Ни единой кровинки, ни волоса

Не прости твоему воронью!

И нигде ни единого голоса

Не раздастся в защиту твою.

Воздадим, что тебе полагается,

Беспощадной и твердой рукой…

Поздно будет, Германия, каяться,

Как дошла ты до жизни такой.

Два шедевра создает Исаковский в год Великой Победы. Оба признаны, то есть — по законам нашего абсурда — затоптаны. "Враги сожгли родную хату" и "Слово к товарищу Сталину". Почти одновременно написаны исповеди, и каждая — вразрез с "линией". Правда, линия при этом поворачивается на 180 градусов.

Есть смысл вчитаться в оба эти произведения. Именно потому, что оба выпадают из "хора". Что для Исаковского отнюдь не характерно. Недаром же Твардовский заметил о жизни своего давнего, со смоленских еще времен, друга, что она прошла "без эксцессов". Это значит: не арестовали, не упекли, не выгнали, не заклеймили, не заставили разоружаться, то есть униженно каяться.

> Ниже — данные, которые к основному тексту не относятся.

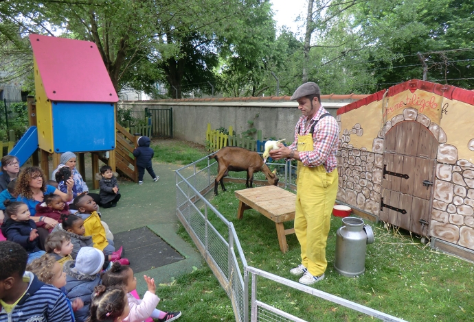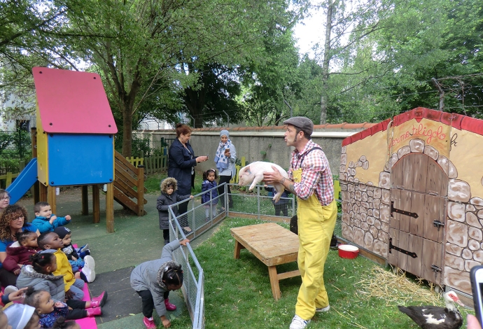 Les tout-petits sont toujours attirés et curieux devant des animaux qui bougent et émettent des sons rigolos. Partant de ce constat, la ville a souhaité leur offrir la possibilité de découvrir l'univers de la ferme directement au cœur de la Maison de la Petite enfance Pierrette-Petitot, grâce à l'intervention de la ferme enchantée de Monsieur Tiligolo.
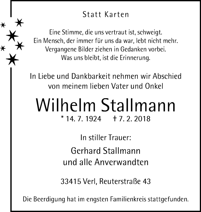 Hier finden Sie alle Traueranzeigen aus der Zeitung, die bisher für Wilhelm Stallmann erschienen sind. Weitere Traueranzeigen, die in der Zeitung erscheinen, werden hier ebenfalls aufgelistet
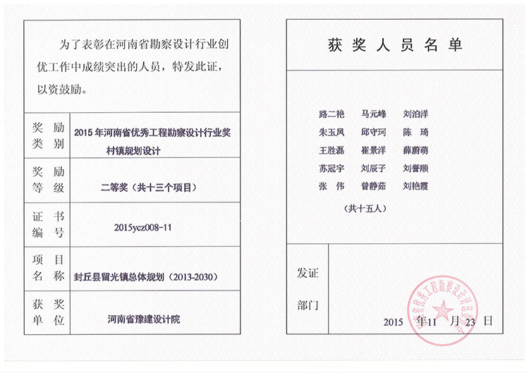 封丘留光鎮(zhèn)總體規(guī)劃獲獎(jiǎng)證書-2015年獲獎(jiǎng)證書-公司榮譽(yù)
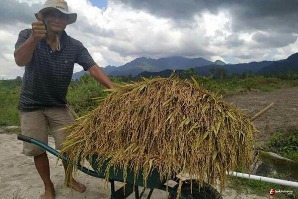 LINGGA, -- Di tengah keprihatinan atas pemberlakuan social distancing dimana masyarakat dibatasi beraktivitas di luar rumah untuk menghambat penyebaran virus corona, hari ini, Kamis (2/4/2020), kabar gembira datang dari para petani di Desa Panggak Darat, Kecamatan Lingga yang sedang melakukan panen raya.
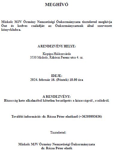 Meghívó - A házasság hete alkalmából megszervezésre kerülő rendezvényre - 2024.02.16.
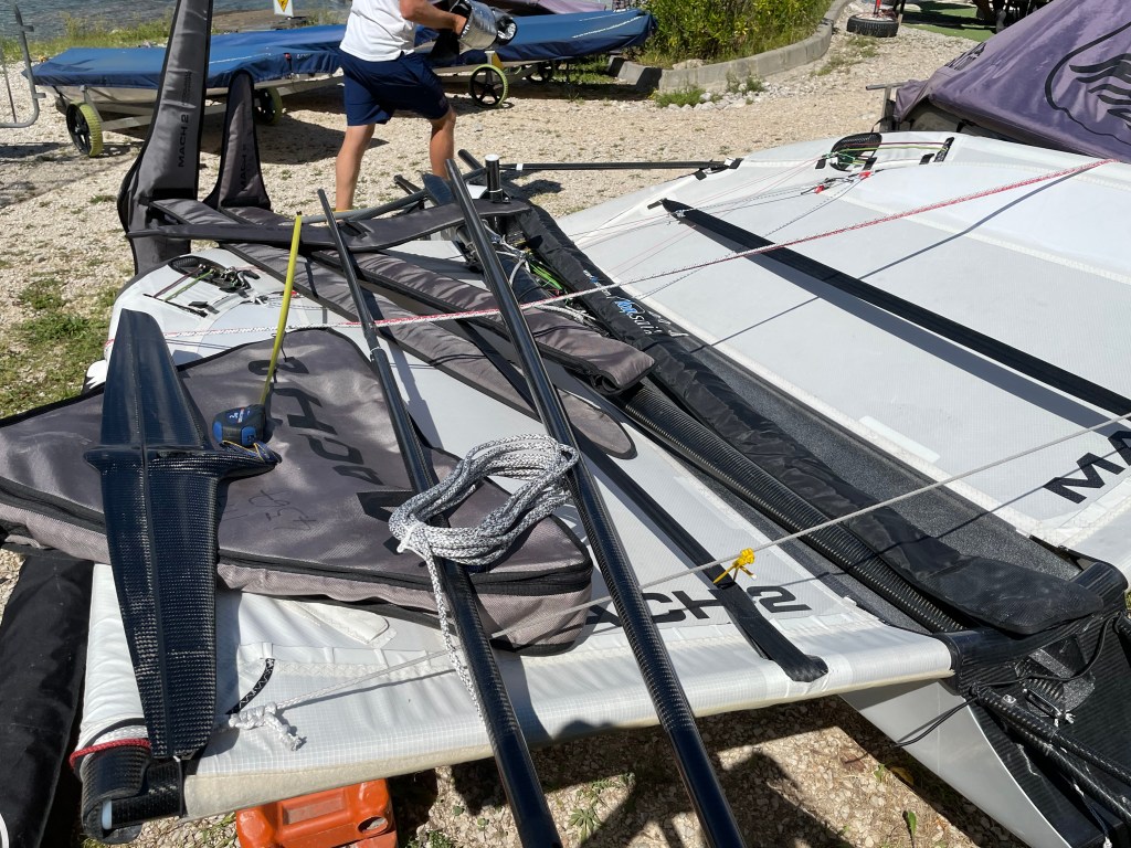 Next up, measuring all the boat parts and entering them into an online database. This took a while: hull, sail, main foil (vert + horiz), rudder foil (vert + horiz), mast, boom. All measured using the cool little Measure app on my iPhone. (Have you ever tried it; pretty cool, you point the camera at one end of something, click +, point at the other end of the thing, click + again, and poof you have the length. Magic.)
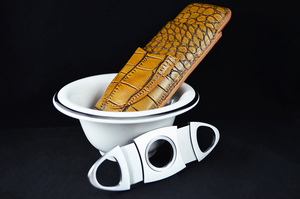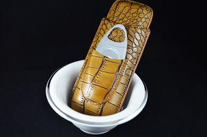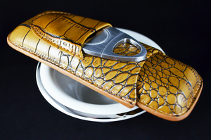 This gorgeous yellow-brown finished, faux-alligator leather cigar case will elegantly hold up to two of your favourite premium cigars! It's telescopic design allows you to fully accommodate even your longest cigars.
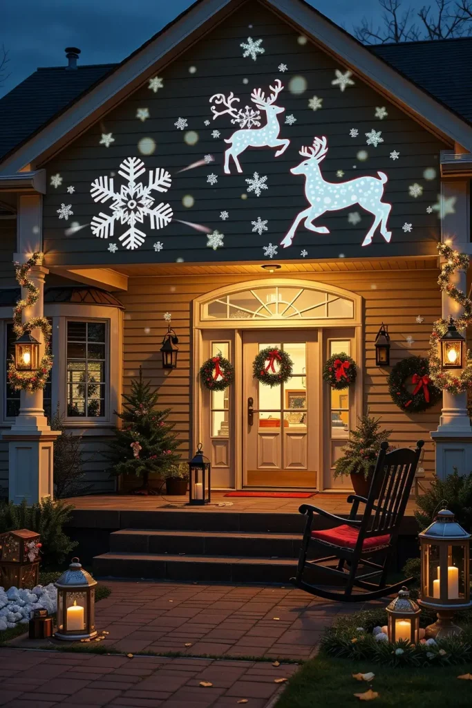 My projects have projector lights that are installed at the bottom of a garden or close to a driveway and the angle of the projector should be such that it encompasses the front face of the house. I combine them with simple decorations of the porch like lanterns, wreaths, and planters so that the animated projections are balanced. The seating outdoor such as rocking chairs on the porch is also more beautiful under the projection of patterns.
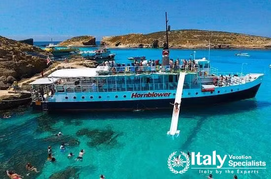 After breakfast in hotel, our driver will pick you up for another day of excursion in the Maltese archipelago.You will be accompanied to Bugibba, where you will board on a comfortable boat for a fantastic mini cruise! You will sail through the north of the Maltese coast to the island of Comino and you will stop at the famous Blue Lagoon for about an hour. You will have time to take some pictures, sunbathe and have a swim in the turquoise waters of the bay or if you prefer, you can relax in the bar of the boat which is equipped with all sorts of drinks and snacks.
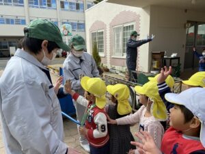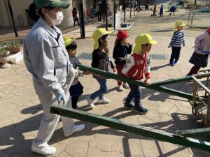 お昼前の時間に、小学校の運動場の向こうから、リヤカーを引いたお兄さん、お姉さんが附属幼稚園に向かって歩いてきてくださっています。
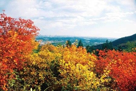 位于颐和园西北三公里的百望山公园是距市区最近的红叶观赏地,而百望山的红叶种类之多在京城也算数一数二。一年三季的美国红枫、荷兰红栌、美人梅、紫叶李,再加上火炬、地锦、元宝枫、黄栌、柿树、五角枫等秋季独有的红叶佳品,从金黄到深紫各个颜色分布均匀。爬到山顶向下俯望,仿佛一条条铺于山中的彩带,竞相争艳热闹非凡。
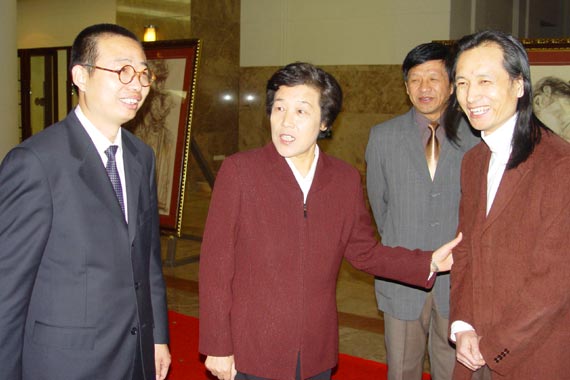 院長進行了交談并做了重要指示。她指出,山東工藝美術學院擁有一批國內外知名的教授和藝術家,要充分利用這個資源,注重對設計家、畫家的實踐或創(chuàng)作活動進行理論研究和總結,使理論研究和藝術實踐更緊密地結合起來。同時,要發(fā)揮知名教授和學者的作用,培養(yǎng)自己的年輕教師。她對蔡玉水的藝術創(chuàng)作給予高度評價。

Но поскольку два "эксцесса" все-таки имеются, вдумаемся в них.

Враги сожгли родную хату,

Сгубили всю его семью,

Куда ж теперь идти солдату,

Кому нести печаль свою?

Куда нести — известно. Исаковский в 1918 году знал, куда. Но знал и другое: не всегда дойдешь.

Пошел солдат в глубоком горе

На перекресток двух дорог,

Нашел солдат в широком поле

Травой заросший бугорок…

Поле, трава, бугорок могильный — та изначальная точка отсчета, которая в войну оборачивается точкой гибели. Кольцуется небытие — в рельефе деталей, врезавшихся в сознание с детства и вернувшихся теперь.

Вздохнул солдат, ремень поправил,

Раскрыл мешок походный свой,

Бутылку горькую поставил

На серый камень гробовой.

Вот и включается народная заплачка — не "фольклорная", нет, но такая глубинно-крестьянская, извечная и вместе с тем свеже-достоверная, что строкам этим сужено пойти цитатами в книги других писателей.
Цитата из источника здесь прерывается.